Conventional clutches are used in all kinds of drives in which a disconnection of the drive train during operation is envisioned. They can be used in all types of vehicles, as well as in stationary plants that provide disengagement in operation. Clutches of this kind are switchable, so that they can be switched between an engaged and a disengaged state during operation. Such clutches mostly have disk-shaped coupling surfaces, which transmit power between the two sides of the clutch through mutual engagement in engaged or locked state. In the process, one side can be provided with a torque from a drive, while the other side provides for the transmission of the torque to an output. This state is, however, not fixed. Modern transmissions can, according to the gear that is selected, lead to different torques being transmitted via the same clutch, even originating from different sides.

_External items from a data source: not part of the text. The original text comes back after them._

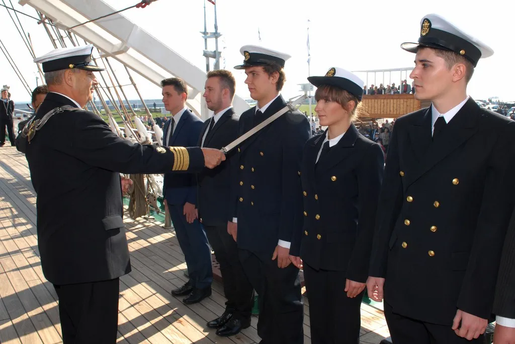 Czworo studentów, którzy uzyskali najlepsze wyniki w czasie rekrutacji, ślubowało – w imieniu wszystkich studentów – na sztandar Akademii Morskiej: Marta Wojtczak (WN), Eryk Wojdyła (WM), Leszek Dybowski (WE) oraz Agnieszka Owczarek (WPiT).
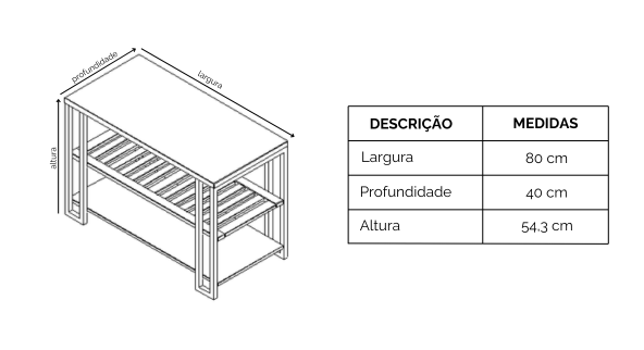 Dimensões Móvel Montado (LxPxA): 80 cm x 40 cm x 54,3 cm
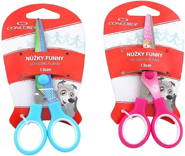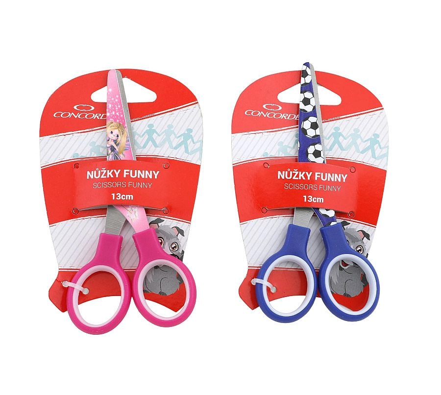 Foarfeca școlară CONCORDE Funny de 13 cm, sigură și jucăușă, îi va încânta pe copii cu imprimeuri colorate în variantă roz sau albastră. Oferă vârfuri rotunjite pentru tăiere în siguranță, priză ergonomică lată pentru o ținută confortabilă și mecanism ușor pentru tăierea facilă a hârtiei și a materialelor creative.
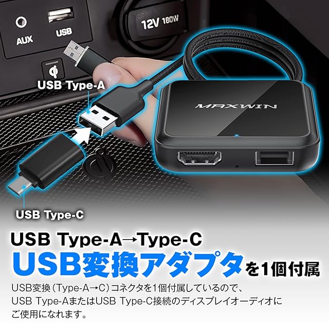 商品名:MAXWIN ワイヤレス CarPlay AndroidAuto アダプター HDMI入力アダプター 有線CarPlay/AndroidAutoをワイヤレス化 HDMI USB 変換 車載 ディスプレイオーディオ対応 DA-HD01A
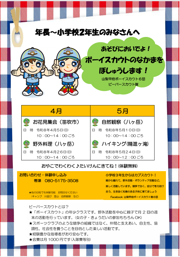 体験入隊のご案内 2025.10.232026.03.07 ・ビーバー隊 体験入隊にご興味がありましたら、是非お気軽にご参加ください。 わからない事などがありましたら、お問い合わせフォームからお問い合わせください。
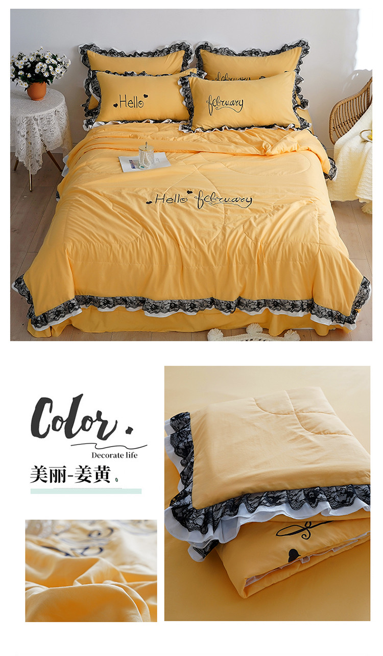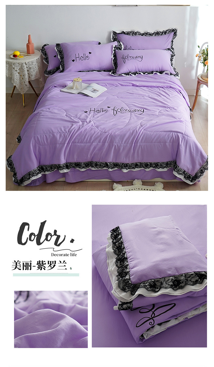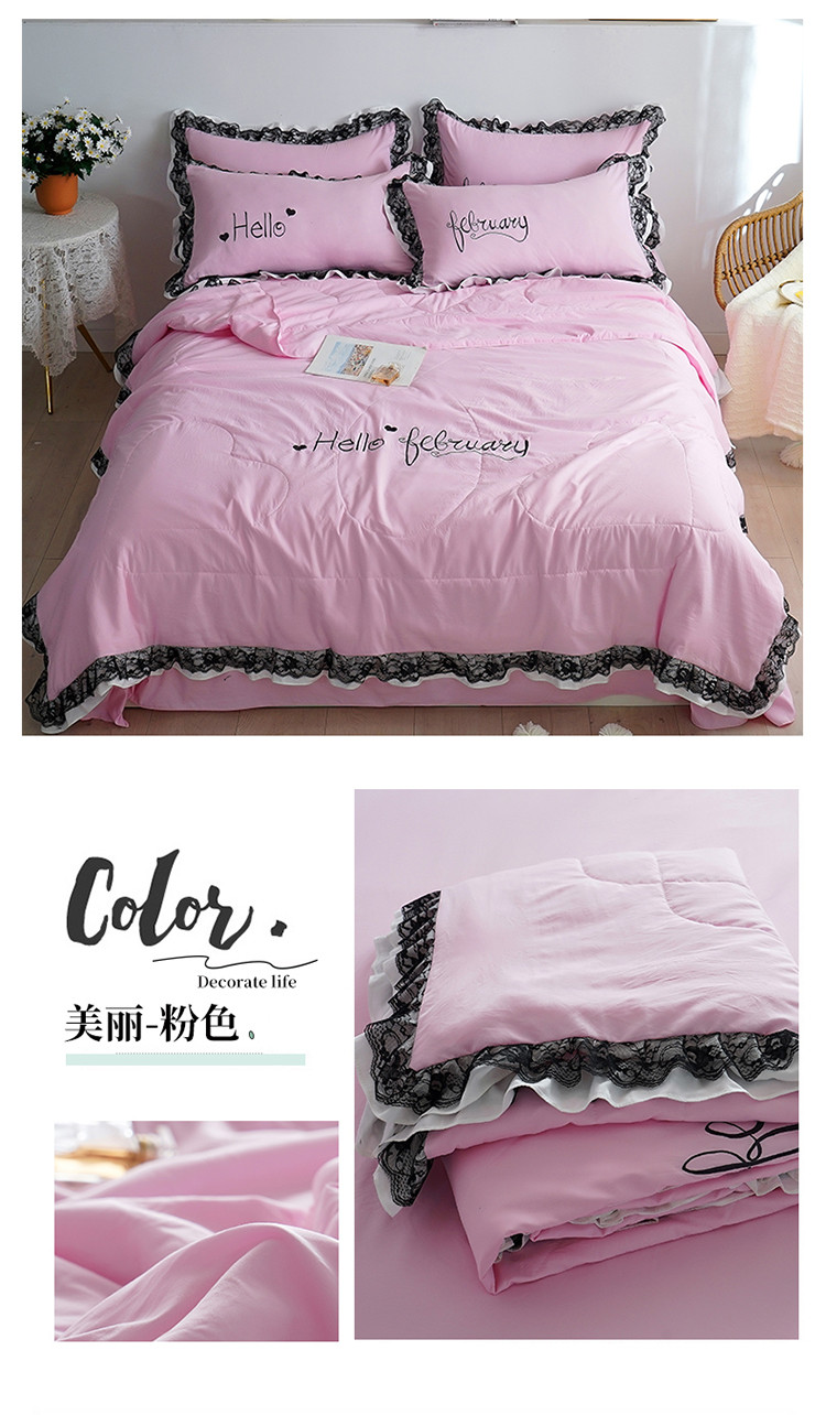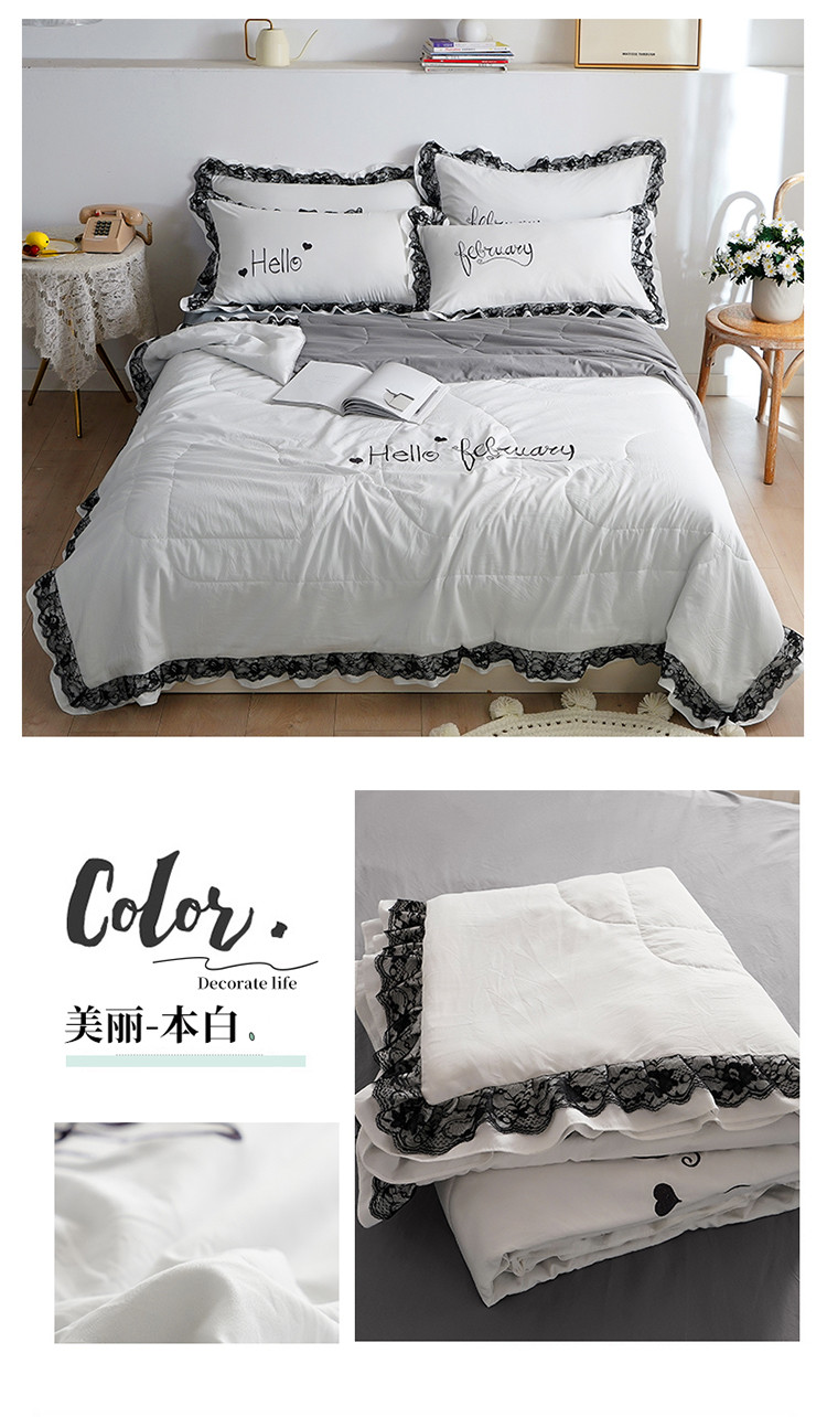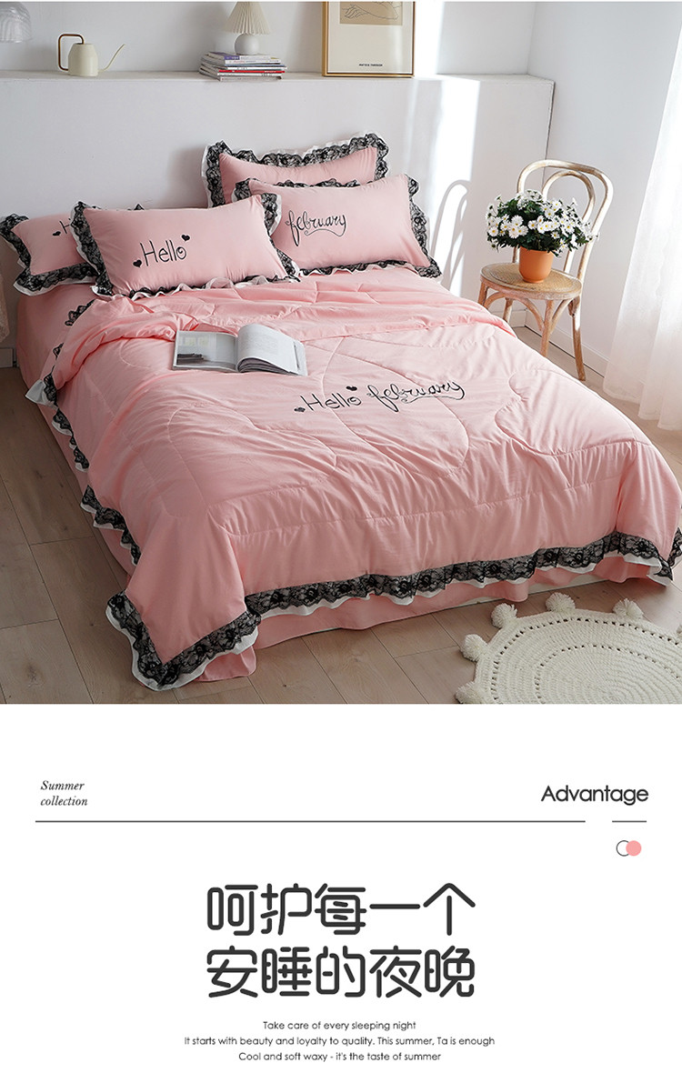 (总)骏腾家纺 2022新款水洗棉夏被四件套蕾丝绣花款
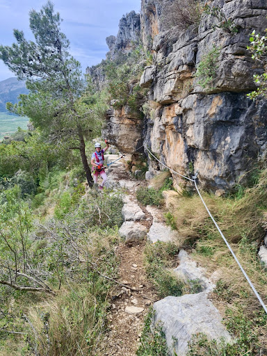 Vía ferrata espectacular por las vistas a Tavernes de la Valldigna y al mar Mediterráneo. Es una vía fácil y apta para iniciación ya que la mayoría de los tramos son horizontales, caminos equipados con cable de vida que pasan por repisas y algunas grapas que ayudan en pasos complicados. La parte más bonita es sin duda dónde se encuentran las figuras de las cabras. En la última parte tramo vertical sin mucha complicación. Acceso y salida de 40’ cada uno con un paisaje inolvidable. Fui con la empresa Alicante Aventura y sin duda repetiré pronto con amigos, Vicente Monerris fue un guía magnífico e hizo unas fotos preciosas para el recuerdo. Gracias por esta...
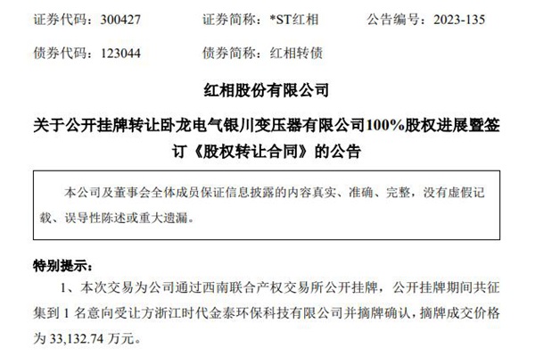 11月25日,红相股份有限公司(简称:*ST红相)发布关于公开挂牌转让卧龙电气银川变压器有限公司(下称“银川变压器”)100%股权进展暨签订《股权转让合同》的公告。 公告明确,通过西南联合产权交易所公开挂牌,意向受让方浙江时代金泰环保科技有限公司(下称“金泰环保”)正式摘牌确认,将以3...
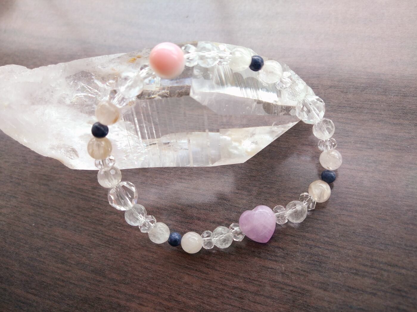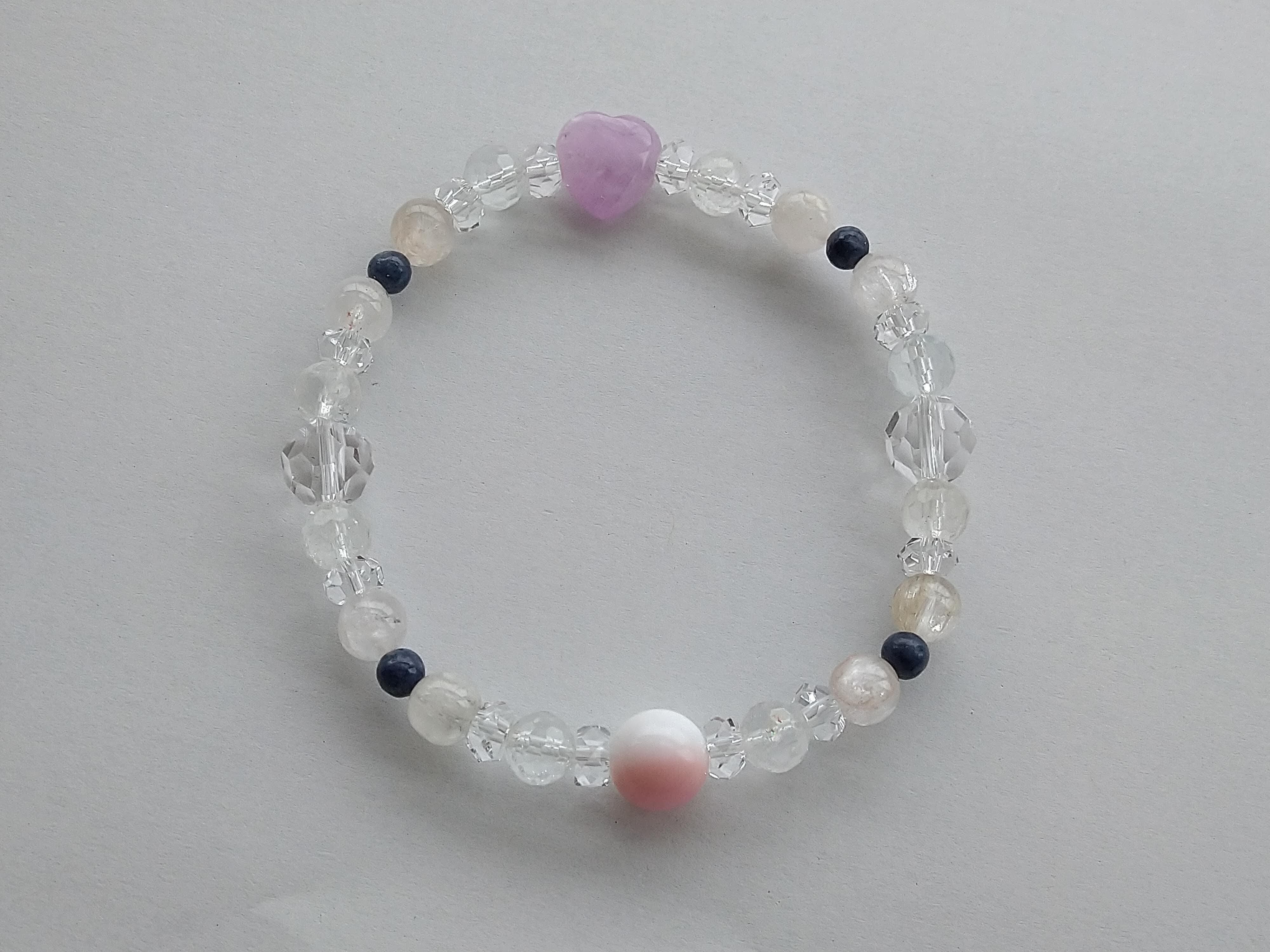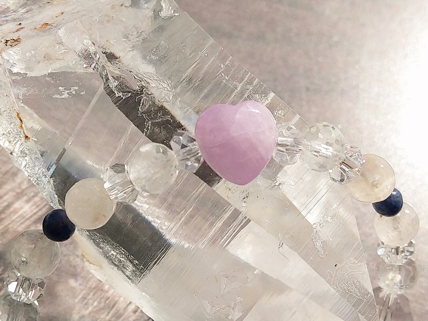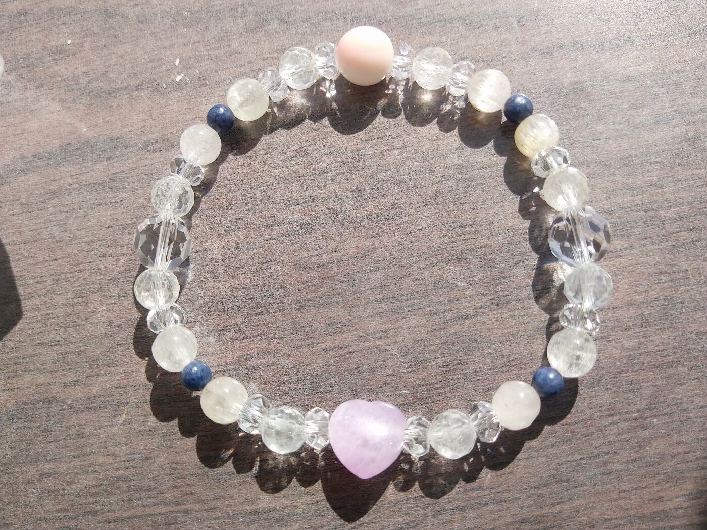 可愛らしいハートのクンツァイトを使用したブレスレットです。
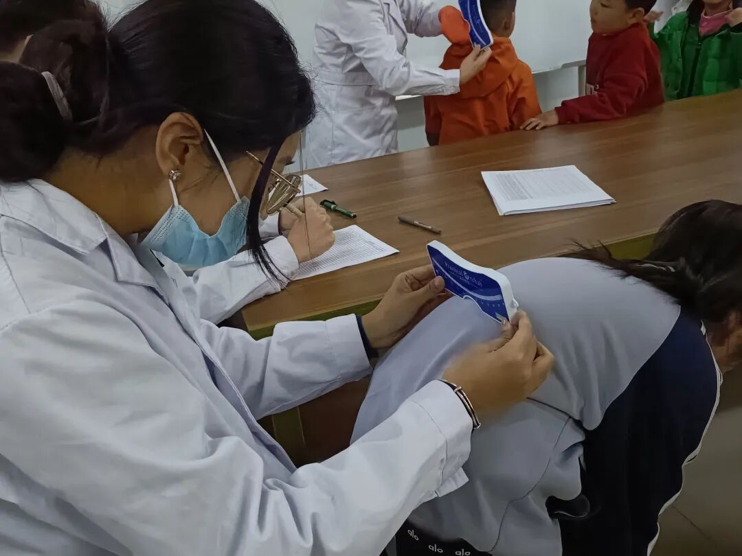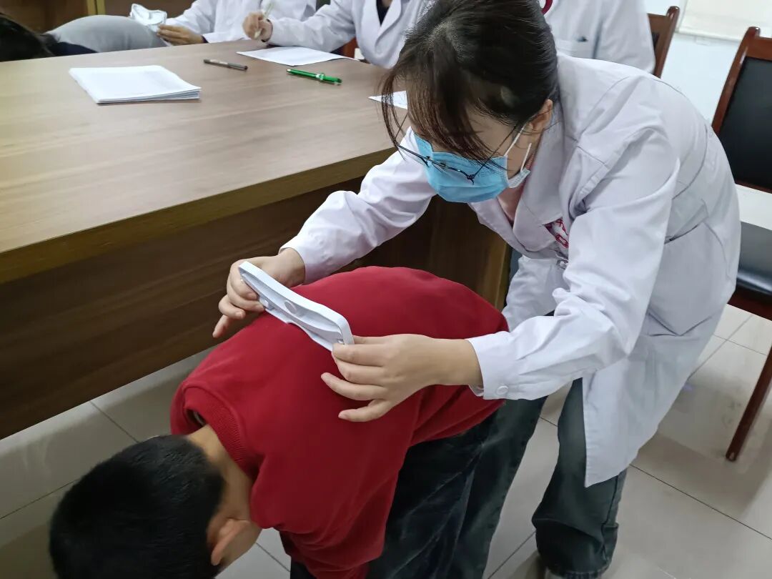 活动现场,医院康复医学科儿童康复专家团队秉持严谨细致的态度,采用“望形态、摸脊柱、测平衡”的中医特色筛查方法,通过观察学生站立姿态、触摸脊柱生理曲度、检测双肩及骨盆对称度等方式,为每位学生进行全面评估。针对筛查中发现的脊柱姿态异常等可疑情况,专家们不仅耐心询问学生日常学习习惯、运动情况,还逐一建立个性化健康档案,通过老师、家长联合对学生的脊柱侧弯情况加强日常姿势管理。
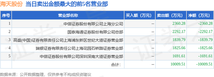 证券之星消息,沪深交易所2025年11月10日公布的交易公开信息显示,海天股份(603759)因有价格涨跌幅限制的日收盘价格跌幅偏离值达到7%的前五只证券登上龙虎榜。此次是近5个交易日内第2次上榜。
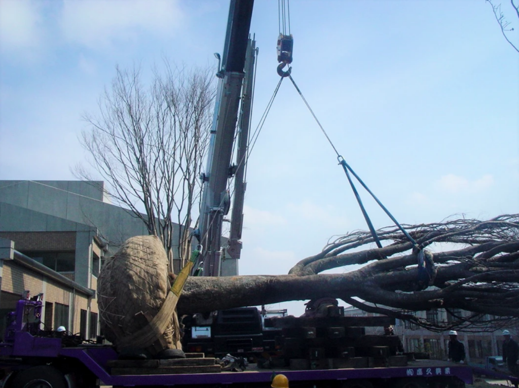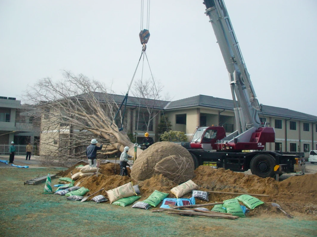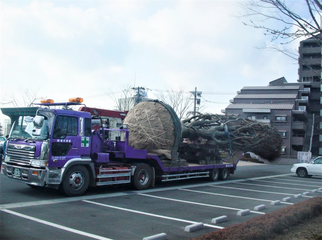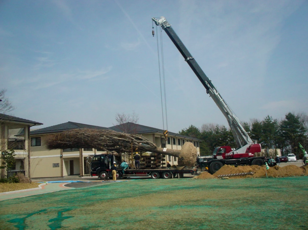 植栽場所に運搬されました。今回は65tクレーンでの植付になります。

Thus, in each case according to the use of the clutch, a plurality of power paths can be transmitted from a connected transmission via the clutch. Here, even the direction of the power flow can be changed via the clutch, so that an input or an output of the clutch can alternate in each case according to operating state.
In an open or disengaged state, the coupling surfaces or coupling elements are spaced apart by a clearance. In most cases, such clutches are designed as wet clutches and run in a fluid for lubrication and heat dissipation. In order to keep the locking operations during operation brief and also to design the installation dimensions of such clutches to be small, the coupling elements are spaced apart in the disengaged state, but only with a minimal clearance so that a switching can take place rapidly and with low travel.
Conventional coupling elements are in operational connection with the sides of the clutch that are assigned to them even in disengaged state. This causes the coupling element to continue to rotate at the rotary speed of the relevant associated side of the clutch even when the clutch is disengaged. Because of this, in the disengaged state, the coupling elements are at a short spatial distance from each other and rotate in opposite directions. Because of the rotation of the coupling elements in the oil bath of the clutch, shear forces arise due to friction with the fluid. These shear forces cause a drag and thus a power loss of the clutch in the disengaged state if power is applied to at least one side of the clutch. This leads to heating of the liquid and to power losses in the drive. Not only can there be oxidation processes in the oil due to the heating, but there can be an increasing power loss due to which fuel consumption values for the drive rise significantly while at the same time less power is available for operation.